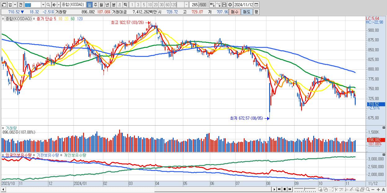 | 11/11 | 728.84 | ▼-1.96% | 855억 | -847억 | 43억 | -51억 |
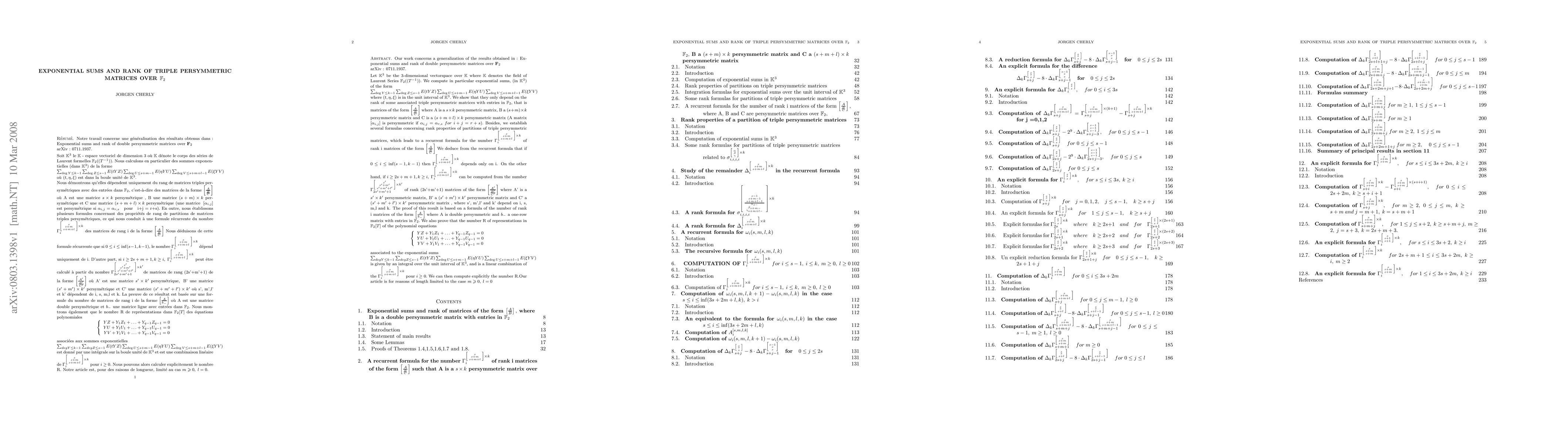 Summary: This paper derives explicit expressions for the number of triple persymmetric matrices over the finite field F_2 based on rank using exponential quadratic sums. It provides a method to determine the rank of such matrices through a novel application of exponential sums.
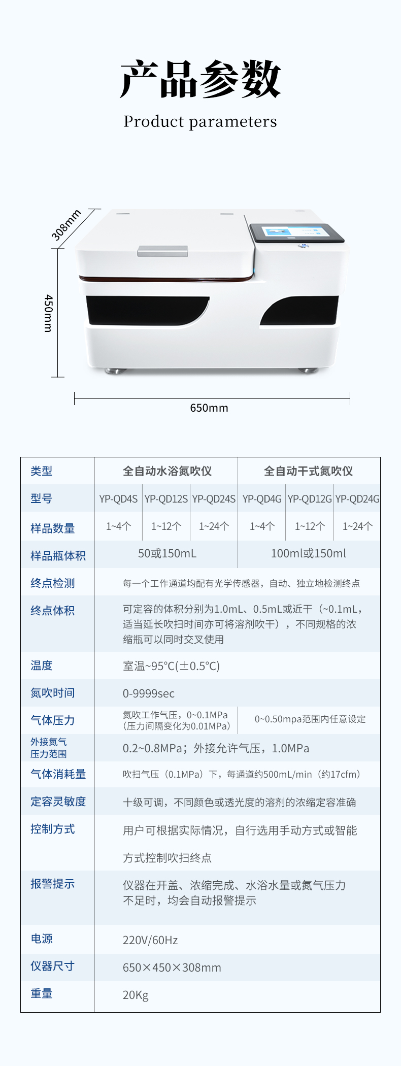 全自動多功能干式氮吹儀YP-QD12G是我司結合實驗室使用需求,從使用者方便安全快捷穩定等多角度共同開發的新型濃縮定容產品,產品擺脫了常規市場上利用水浴加熱揮發而導致樣品進行污染的弊端,確定樣品的安全性與準確性,具有無人值守、準確定容、大批量濃縮的特點,可多組數據儲存功能,實現了全自動化的定量及批量濃縮,濃縮全程,讓繁瑣的濃縮過程變得靈活、省心、高效和安全。

-*-*-

▶ [Your assignment]: Each line from the one that holds "Summary: This paper" through the end of the material should be repeated exactly, and nothing more. Leave out any picture.

▶ [Output for this task]:
 Summary: This paper derives explicit expressions for the number of triple persymmetric matrices over the finite field F_2 based on rank using exponential quadratic sums. It provides a method to determine the rank of such matrices through a novel application of exponential sums.
 全自動多功能干式氮吹儀YP-QD12G是我司結合實驗室使用需求,從使用者方便安全快捷穩定等多角度共同開發的新型濃縮定容產品,產品擺脫了常規市場上利用水浴加熱揮發而導致樣品進行污染的弊端,確定樣品的安全性與準確性,具有無人值守、準確定容、大批量濃縮的特點,可多組數據儲存功能,實現了全自動化的定量及批量濃縮,濃縮全程,讓繁瑣的濃縮過程變得靈活、省心、高效和安全。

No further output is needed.